WHAT IS EXPECTED:
Go to the line with "RM33092#纯欲辣妹性感提花挂脖吊带背心女内搭打底无袖针织衫女夏短款上衣" in the material below and copy from there through the line with "Enkel geboortekaartje met", exactly. Pictures are not copied.

INFORMATION:

━━━━━━━━━━━━━━━━━━━━━━━━━━━━━━

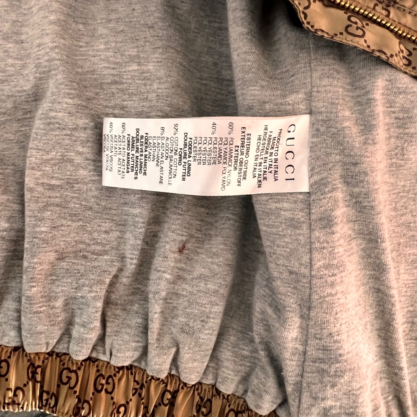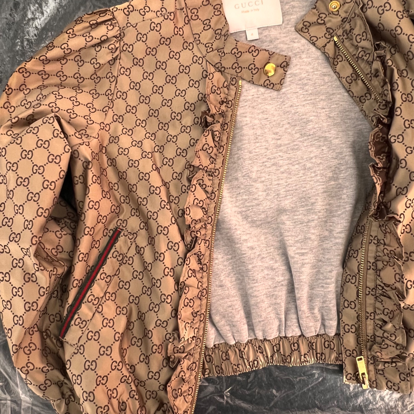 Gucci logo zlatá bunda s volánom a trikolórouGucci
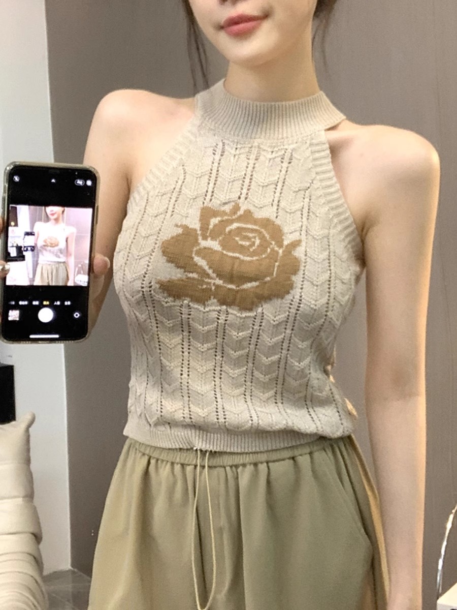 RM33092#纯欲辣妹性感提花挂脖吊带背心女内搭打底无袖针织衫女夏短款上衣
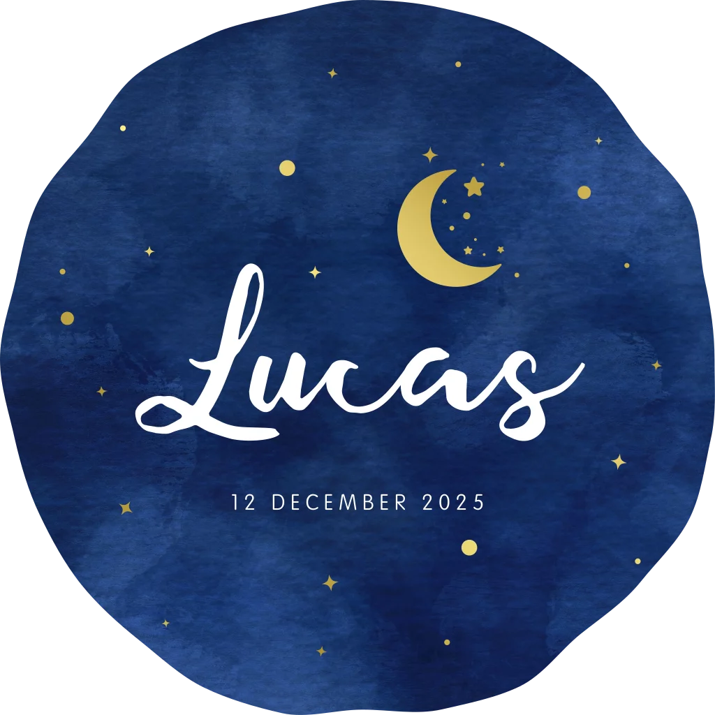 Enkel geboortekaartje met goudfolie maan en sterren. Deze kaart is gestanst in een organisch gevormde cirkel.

━━━━━━━━━━━━━━━━━━━━━━━━━━━━━━

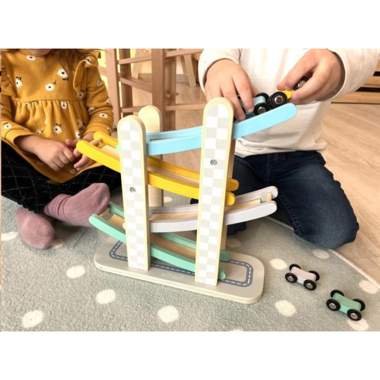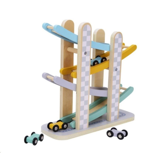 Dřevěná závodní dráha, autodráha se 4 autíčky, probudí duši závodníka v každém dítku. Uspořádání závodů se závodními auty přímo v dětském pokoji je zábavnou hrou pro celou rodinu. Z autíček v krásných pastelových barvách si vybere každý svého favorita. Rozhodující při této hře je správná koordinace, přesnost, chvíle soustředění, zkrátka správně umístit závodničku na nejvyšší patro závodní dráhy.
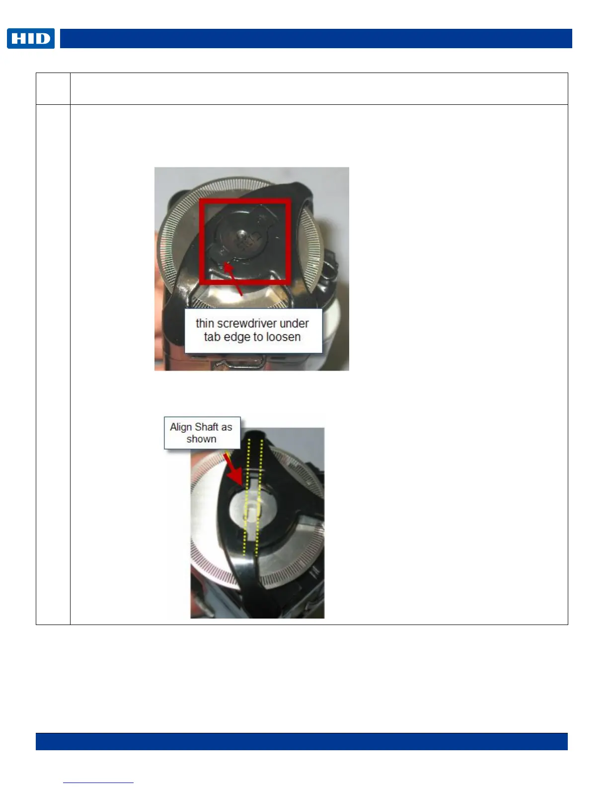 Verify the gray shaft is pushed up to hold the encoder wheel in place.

━━━━━━━━━━━━━━━━━━━━━━━━━━━━━━

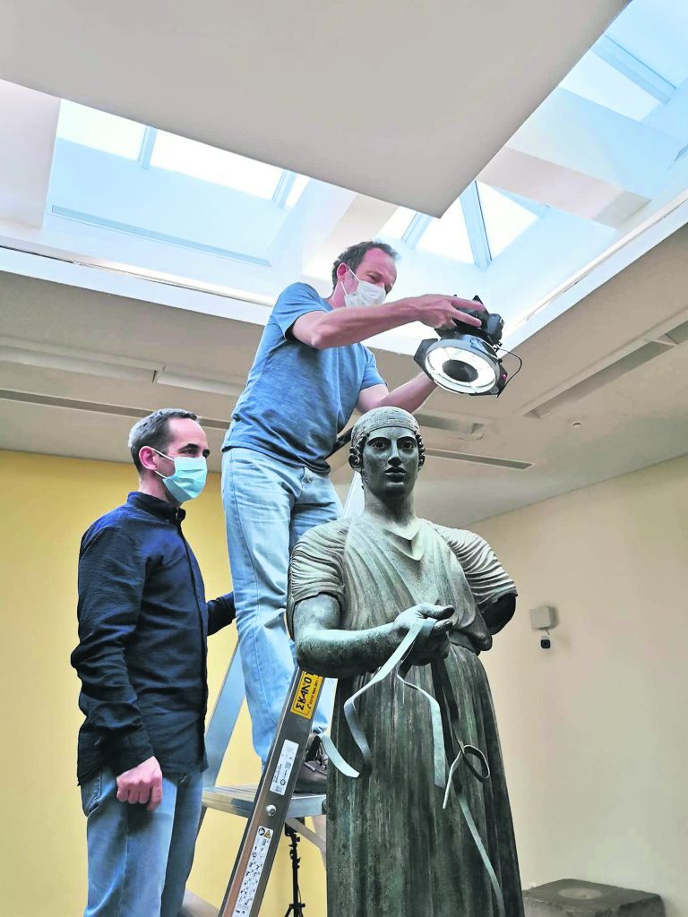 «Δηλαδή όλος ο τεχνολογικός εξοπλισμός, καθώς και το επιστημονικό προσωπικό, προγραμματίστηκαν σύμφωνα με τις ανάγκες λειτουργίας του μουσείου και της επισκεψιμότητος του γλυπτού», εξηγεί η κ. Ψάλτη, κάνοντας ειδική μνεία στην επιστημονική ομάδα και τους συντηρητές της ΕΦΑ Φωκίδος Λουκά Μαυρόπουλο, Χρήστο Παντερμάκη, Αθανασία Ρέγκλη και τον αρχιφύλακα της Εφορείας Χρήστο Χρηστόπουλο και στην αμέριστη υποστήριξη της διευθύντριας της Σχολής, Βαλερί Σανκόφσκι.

━━━━━━━━━━━━━━━━━━━━━━━━━━━━━━

SOLUTION:
 RM33092#纯欲辣妹性感提花挂脖吊带背心女内搭打底无袖针织衫女夏短款上衣
 Enkel geboortekaartje met goudfolie maan en sterren. Deze kaart is gestanst in een organisch gevormde cirkel.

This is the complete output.